Thanks to:
alan_at_nabeth
Allan E Johannesen
John P Speno
John J. Francini
Christopher K Davis
I got some good questions and suggestion from people on where to look
for the problem. They suggested that I use nfsstat; vmstat; and the
command "ps -p 0 -m -o wchan,state,time". I was advised to check
swapping, paging and forking
We realized that what was causing the high load may actually have been
the NFS mounted directory.
I got an informational post from John Francini:
> Pid 0, the nominal "kernel idle" process, also is where things like
> NFS servers and clients live, along with all the other kernel
> threads. Consequently, soaking up idle time is just one piece of the
> puzzle.
>
> To see what all is going on under PID 0, do
>
> ps -p 0 -m -o wchan,state,time
And also from alan_at_nabeth
> I believe the kernel idle "process" collects statistics
> for a whole bunch of kernel threads. It may also count
> all the system's idle time. A high load average is not
> indiciative of high CPU utilization and serial ps(1)
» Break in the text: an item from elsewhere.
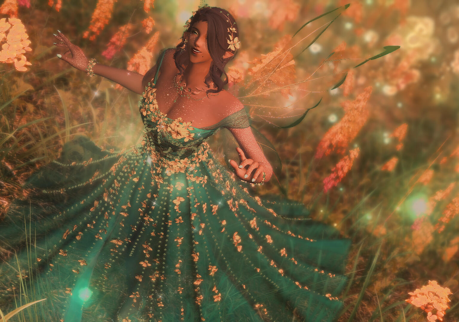 ⋆˙⟡ As the faerie reaches a clearing beyond her precious gardenias, her gilded gown drags along the soil and leaves new blooms in its wake. They swiftly rise to greet their mother, dainty petals parting as though to smile at her with a warmth akin to the sun's gentle rays. ✧˖°.

> listings are not a good way to look at overall CPU
> usage.
[...]
Thanks for all the help,
Kevin
[summary post]
> I've gotten some good suggestions so far, but most people are asking me
> questions, so I realize I left out some important details. The machine
> is a single processor, with about 7 Gigs of memory, running 4.0F
> unpatched. It is not really an NFS server, but it does export one
> directory to another Alpha, read only, via NFS. Although, I've checked
> the other machine which has 10 people logged on, and it dosen't seem
> like anyone is doing anything.
>
> Here is a trimmed off copy of top with the known process called
> some_compile.
>
> > load averages: 3.11, 2.56, 2.51 14:26:01
> > 72 processes: 2 running, 24 sleeping, 41 idle
> > Cpu states: 14.0% user, 0.0% nice, 82.4% system, 3.9% idle
> > Memory: Real: 4352M/7201M act/tot Virtual: 48M/20573M use/tot Free: 1194M
> >
> > PID USERNAME PRI NICE SIZE RES STATE TIME CPU COMMAND
> > 22286 bob 42 0 2218M 2217M run 166:17 44.90% some_compile
> > 19011 root 44 0 2600K 393K sleep 1:01 0.30% top
>
> Notice that even though some_compile uses 44.9% CPU, the Cpu state is
> 3.9% idle. In fact, if you watch top, it is usually 0.0%. The load
> average is what is worrying me. I haven't seen this compile make the
> load go over 2.00, but it's into the 3's now.
>
> swapon -s shows it is not using any swap space. Here is the iostat
> output. Notice there is barely any disk transfers. Most of the i/o is
> in system mode CPU.
>
> > tty fd0 rz0 rz9 rz16 cpu
> > tin tout bps tps bps tps bps tps bps tps us ni sy id
> > 0 97 0 0 12 1 0 0 0 0 36 0 27 37
> > 0 348 0 0 0 0 0 0 0 0 15 0 84 1
> > 0 384 0 0 40 4 0 0 0 0 15 0 84 1
> > 2 456 0 0 0 0 0 0 0 0 19 0 81 0
> > 3 478 0 0 0 0 0 0 0 0 21 0 77 2
>
> I may be barking up the wrong tree with the [kernel idle], I just
> couldn't find anything else that made up for the CPU usage.
[original post]
> > Today, I noticed that our ES40 is running at a load of ~3 when it the
> > jobs it has shouldn't be pushing it much more than 1. I looked through
> > all the running processes and noticed that the [kernel idle] process is
> > taking up quite a bit of CPU resource. I checked the managers list
> > archive, and I only found questions when the %MEM is high, and nothing
> > for %CPU.
> >
> > # ps aux
> > USER PID %CPU %MEM VSZ RSS TTY S STARTED TIME
> > COMMAND
> > root 0 51.7 3.6 3.56G 261M ?? R < Jul 10 4-15:20:31
> > [kernel idle]
> >
> > I've checked our other Alphas and none of them have CPU usage nearly
> > like the ES40, even similarly loaded ones. Can someone shed some light
> > on this?
--
Kevin Dea
System Administrator
Alpine Electronics Research of America
Received on Wed Aug 30 2000 - 00:44:57 NZST